The timing and scale underline why the dispute matters now: five refiners are caught in overlapping campaigns. Hengli was singled out by the Treasury on April 24, while the other four firms named by Beijing were targeted under U.S. measures imposed last year. Beijing's order directly challenges Washington's attempt to extend the reach of its financial penalties to foreign companies that trade with Iran.
China relies on the Middle East for more than half of its oil, and independent data provider Kpler says China bought more than 80 percent of the oil Iran shipped in 2025. That flow has made smaller, independent processors — the so‑called teapot refineries — an important node in China's supply chain. These refineries operate apart from state giants, account for roughly a quarter of Chinese refinery capacity and often run on thin or negative margins.
Those narrow margins and soft domestic demand have left the teapot operators vulnerable. U.S. sanctions have added practical obstacles: refiners face trouble marketing and shipping refined products under correct origin markings and encounter banks and counterparties wary of secondary penalties. For many of the firms named by Washington, those complications have meant squeezed sales and tighter financing options.
The clash exposes a real contradiction. Washington says it is intensifying sanctions to choke off Iran's financial networks — a campaign described by U.S. officials as Operation Economic Fury and defended publicly by Bessent as effectively suffocating the regime's funding. Beijing counters that unilateral measures without U.N. backing amount to illegal extraterritorial coercion and are intolerable when they hit Chinese trade and industry.

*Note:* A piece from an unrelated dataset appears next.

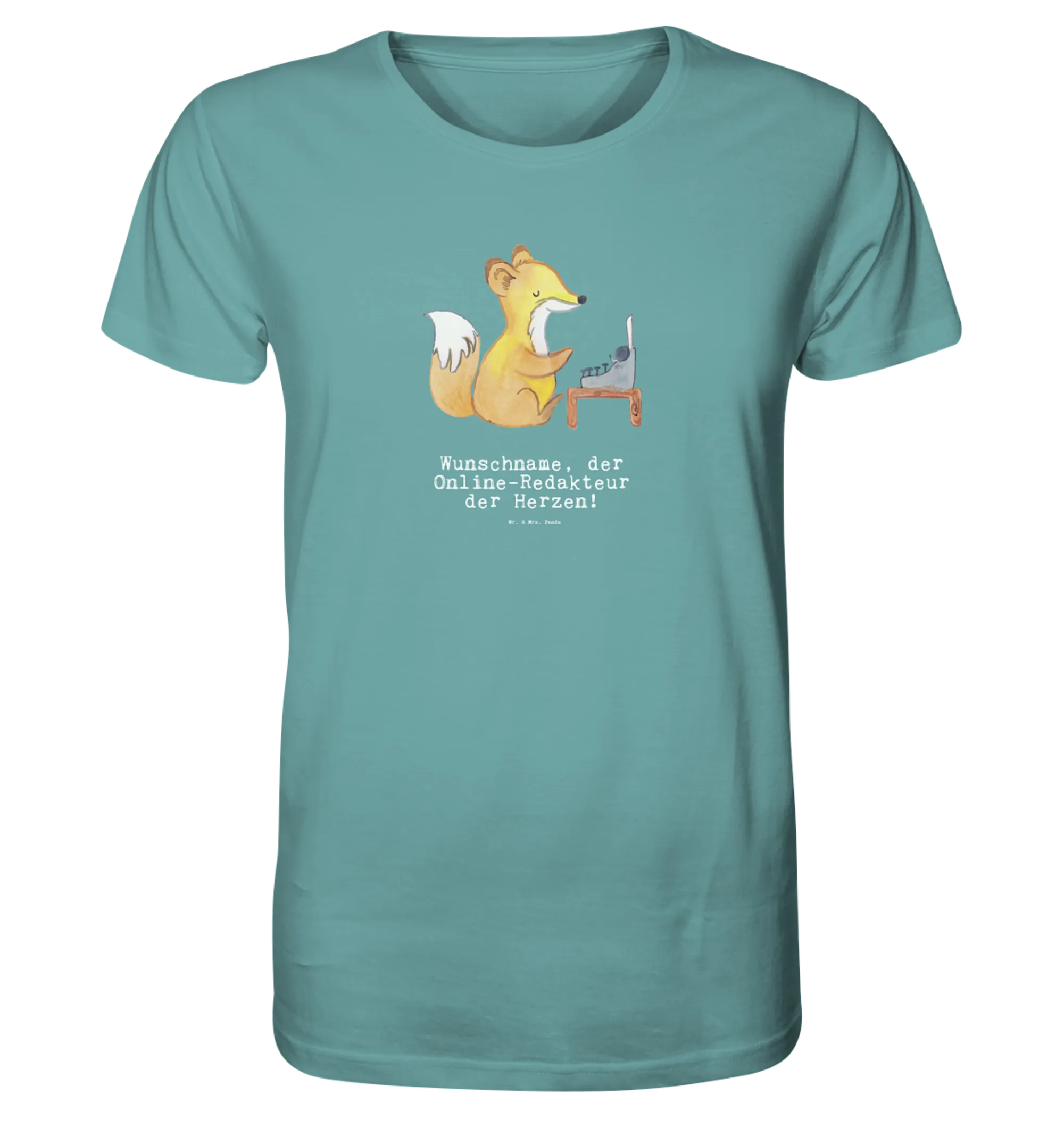 Suchst Du ein besonderes Geschenk für einen Online-Redakteur? Unser Personalisiertes Shirt Herren „Online Redakteur mit Herz“ aus der Berufe-Kollektion von Mr. & Mrs. Panda ist genau das: liebevoll, witzig und persönlich. Das Aquarellmotiv zeigt einen süßen Fuchs an einer Schreibmaschine und der Spruch „Du bist nur ein halber Mensch, wenn du kein Online Redakteur bist.“ zaubert garantiert ein Lächeln.

That gap matters for global commerce and legal precedent. Beijing's prohibition order does not remove U.S. sanctions; it tells Chinese firms they are not obliged to assist enforcement. In practice, the ruling will complicate compliance for multinational banks and trading houses that operate under U.S. and other jurisdictions. It also hands Chinese refiners a formal shield they can cite if they decide to keep buying discounted crude tied to Tehran.
For the refiners themselves, the immediate effect is pragmatic: Beijing's move may ease the risk of domestic penalties for doing business with Iran, but it will not erase the obstacles those companies face when trying to sell products abroad or access dollar clearing and insurance. For Washington, the order raises the stakes of a campaign that depends on co‑operation from third countries and private firms.
China's prohibition is a clear escalation — a legal countermove that will blunt some U.S. pressure while heightening friction between the two powers. The most consequential question now is whether the United States will pursue broader secondary measures or recalibrate enforcement strategies, and whether Beijing will follow with further trade or legal countermeasures; until those choices are made, refiners such as Hengli will sit at the centre of a showdown over sanctions, sovereignty and the future shape of global energy commerce.